**Data section:**
[Start of section]

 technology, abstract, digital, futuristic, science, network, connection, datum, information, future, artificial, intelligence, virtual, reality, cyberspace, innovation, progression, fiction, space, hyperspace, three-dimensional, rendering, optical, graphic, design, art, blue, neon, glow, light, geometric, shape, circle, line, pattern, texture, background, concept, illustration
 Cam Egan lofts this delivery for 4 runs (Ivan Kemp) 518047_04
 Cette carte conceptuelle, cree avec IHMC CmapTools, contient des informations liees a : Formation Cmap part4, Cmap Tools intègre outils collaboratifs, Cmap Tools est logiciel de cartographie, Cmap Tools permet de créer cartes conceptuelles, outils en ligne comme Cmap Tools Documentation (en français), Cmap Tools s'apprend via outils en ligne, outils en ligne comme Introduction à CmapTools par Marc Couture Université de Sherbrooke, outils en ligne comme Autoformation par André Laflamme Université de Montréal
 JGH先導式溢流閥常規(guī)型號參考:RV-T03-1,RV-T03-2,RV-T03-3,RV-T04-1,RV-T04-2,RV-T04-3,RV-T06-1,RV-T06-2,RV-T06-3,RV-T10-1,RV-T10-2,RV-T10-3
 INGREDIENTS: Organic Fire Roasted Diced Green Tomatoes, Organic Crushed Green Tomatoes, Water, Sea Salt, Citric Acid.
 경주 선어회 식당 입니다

[End of section]
[Start of section]

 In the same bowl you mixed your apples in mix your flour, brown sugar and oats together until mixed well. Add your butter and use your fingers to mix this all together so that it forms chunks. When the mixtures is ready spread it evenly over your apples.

[End of section]

**Your assignment:** Take the lines above from the one containing "Cette carte conceptuelle, cree" to the one containing "경주 선어회 식당 입니다" and retype them exactly, both ends included, with nothing added.

**Your solution:**
 Cette carte conceptuelle, cree avec IHMC CmapTools, contient des informations liees a : Formation Cmap part4, Cmap Tools intègre outils collaboratifs, Cmap Tools est logiciel de cartographie, Cmap Tools permet de créer cartes conceptuelles, outils en ligne comme Cmap Tools Documentation (en français), Cmap Tools s'apprend via outils en ligne, outils en ligne comme Introduction à CmapTools par Marc Couture Université de Sherbrooke, outils en ligne comme Autoformation par André Laflamme Université de Montréal
 JGH先導式溢流閥常規(guī)型號參考:RV-T03-1,RV-T03-2,RV-T03-3,RV-T04-1,RV-T04-2,RV-T04-3,RV-T06-1,RV-T06-2,RV-T06-3,RV-T10-1,RV-T10-2,RV-T10-3
 INGREDIENTS: Organic Fire Roasted Diced Green Tomatoes, Organic Crushed Green Tomatoes, Water, Sea Salt, Citric Acid.
 경주 선어회 식당 입니다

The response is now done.